César Miño

Personal information
- Full name: César Eduardo Miño Amarilla
- Date of birth: 31 May 2007 (age 19)
- Place of birth: Paraguay
- Position: Forward

Team information
- Current team: Club Guaraní
- Number: 18

Youth career
- 0000—2022: Club Guaraní

Senior career*
- Years: Team / Apps / (Gls)
- 2022–: Club Guaraní / 42 / (3)

International career
- 2023: Paraguay U17 / 9 / (3)

= César Miño =

Paraguayan footballer (born 2007)

César Eduardo Miño Amarilla (born 31 May 2007) is a Paraguayan professional footballer who plays for Club Guaraní.

== Club career ==
César Miño made his professional debut for Club Guaraní on the 4 July 2022, replacing Alan Pereira during a 2–0 Primera División Apertura loss to Olimpia. Whilst becoming a regular appearance on the bench during the following Torneo Clausura, he mainly played with the reserve team, where he proved to be a prolific goalscorer.

== International career ==
Miño has been an international player for the Paraguay national under-17 football team. He was part of the team that competed in the Sudamerican Championship, although he was a year younger than most of his teammates.

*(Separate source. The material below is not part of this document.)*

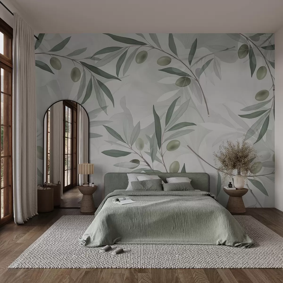 Fototapet Olivengrene med grønne blade og oliven på en lys baggrund Nr. w08576

In his debut in the tournament, he played the last 10 minutes of the first match against Venezuela, which ended in a 1–1 draw. In the second match, he started against Peru and stood out by scoring two goals, securing a 2–0 victory. The team advanced to the final hexagonal with two draws and two victories, but failed to qualify for the FIFA U-17 World Cup.